(Collection entries)
+ + + + +

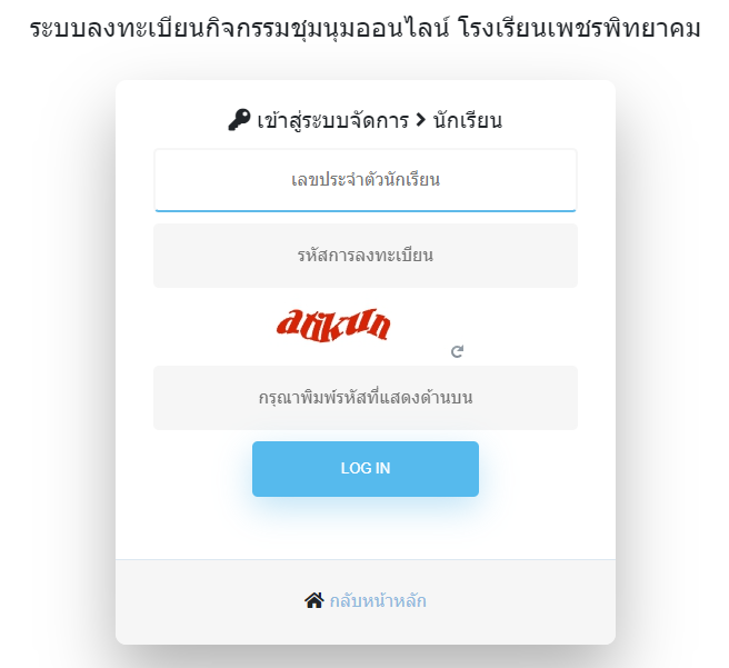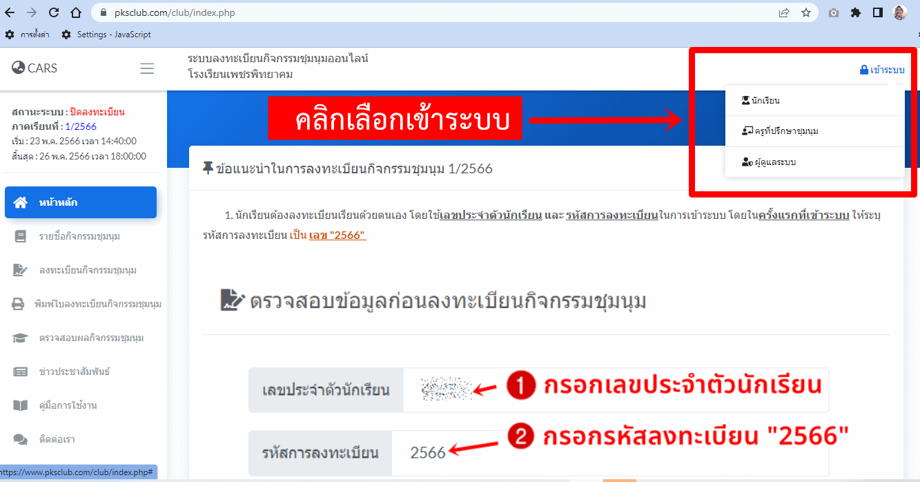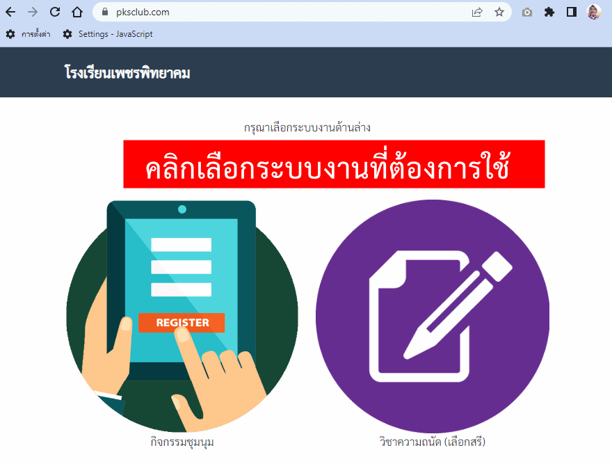 1) เข้าเว็บไซต์ระบบกิจกรรมชุมนุม และวิชาความถนัด(เลือกเสรี) โดยตรง โดยพิมพ์ URL ได้ที่ https://www.pksclub.com
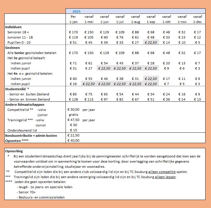 Het contributiejaar loopt van 1 januari t/m 31 december. Leden van TC Souburg dienen volgens het huishoudelijk reglement hun contributie te voldoen voor 16 maart van het betreffende contributiejaar. Medio februari/maart ontvangt ieder lid daartoe een gespecificeerde nota. Wie betaald heeft krijgt daardoor het recht op een (digitale)spelerspasje en kan via de KNLTB clubapp een baan reserveren.
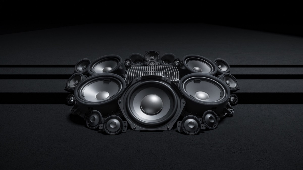 理想L9在行業中首創了7.3.4全景聲音響佈局,由7組揚聲器組成全車環繞,3個重低音單元組成低音矩陣,4個頂部揚聲器組成天空環繞。全車擁有21個揚聲器,高音單元採用鋁膜,中音單元採用凱夫拉材質,低音單元採用碳纖維材質,功放最大功率高達2160瓦。
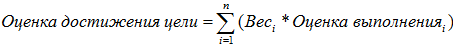 В общем случае, если у цели несколько показателей с разной силой влияния, расчет параметра "Оценка достижения" цели производится так:
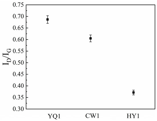 The intensity ratio ID/IG serves as an important parameter for assessing structural defect density and crystalline ordering. This ratio provides direct insight into char quality, where lower values indicate microcrystalline arrangement and enhanced reactivity potential. The lower the ratio of ID/IG, the fewer microcrystal defects and denser the arrangement inside the blue charcoal. Among the three char types we examined, HY1 char exhibits the lowest ID/IG ratio (0.37), indicating minimal internal microcrystalline defects (for example: in-plane incompleteness of carbon microcrystals, irregular structural arrangement of carbon microcrystals, etc.), elevated ideal graphite content, and superior reactivity potential (Figure 8) [19]. This reduced defect density correlates directly with the enhanced orderliness observed in XRD analysis and confirms the high-quality microcrystalline structure within HY1 char.
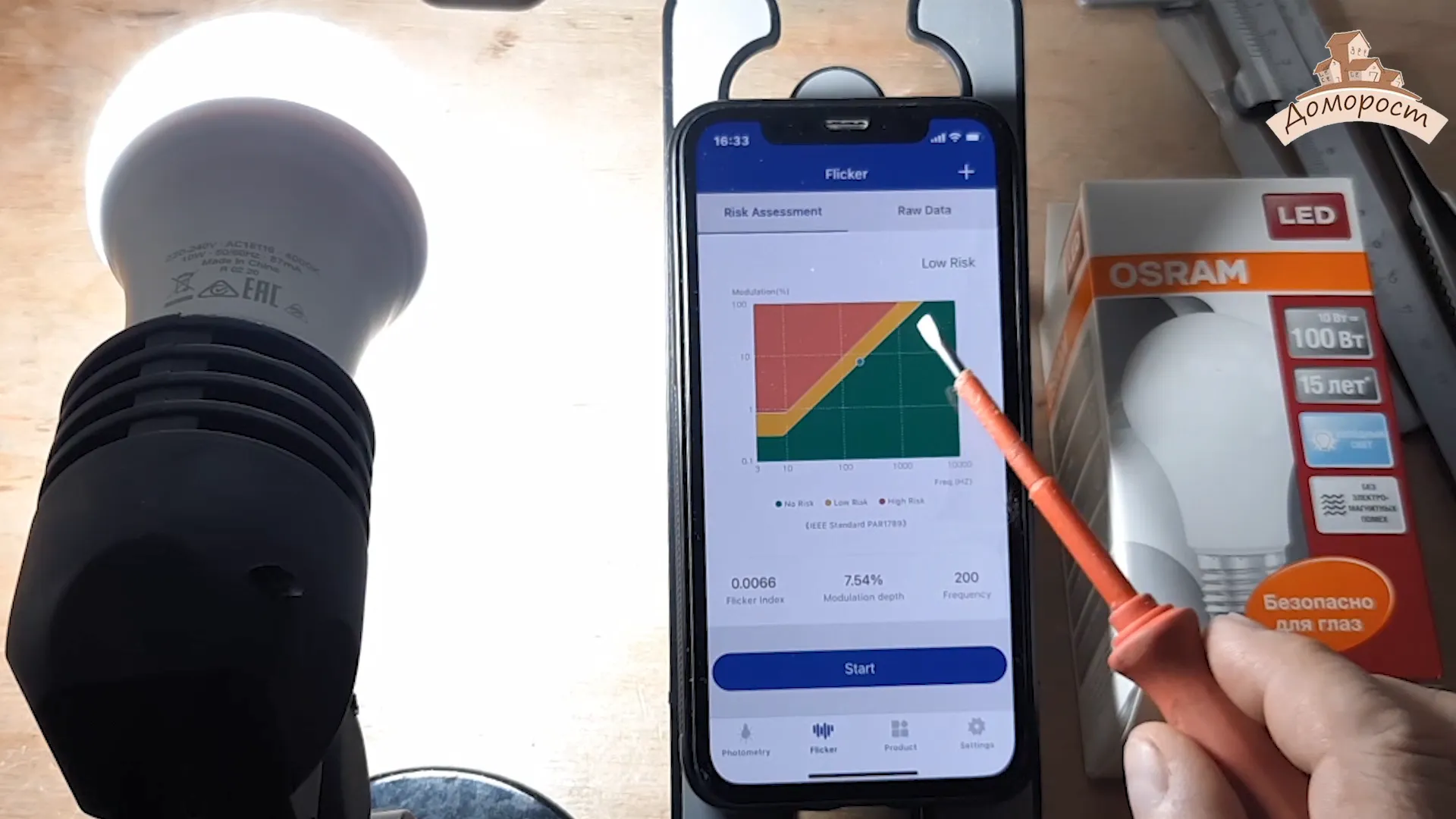 Теперь пульсации. Исходя из моих измерений, лампа находится на граничной области безопасного излучения. При таком граничном состоянии я не могу поручиться за то, что она будет безвредной для ваших глаз. Очень жаль, что Осрам не смогли пройти этот важный тест.

+ + + + +

EXERCISE DIRECTIONS » Pictures are to be left out while the lines from the beginning of the records through the line with "Het contributiejaar loopt" are copied word for word.

PROBLEM SOLUTION »
 1) เข้าเว็บไซต์ระบบกิจกรรมชุมนุม และวิชาความถนัด(เลือกเสรี) โดยตรง โดยพิมพ์ URL ได้ที่ https://www.pksclub.com
 Het contributiejaar loopt van 1 januari t/m 31 december. Leden van TC Souburg dienen volgens het huishoudelijk reglement hun contributie te voldoen voor 16 maart van het betreffende contributiejaar. Medio februari/maart ontvangt ieder lid daartoe een gespecificeerde nota. Wie betaald heeft krijgt daardoor het recht op een (digitale)spelerspasje en kan via de KNLTB clubapp een baan reserveren.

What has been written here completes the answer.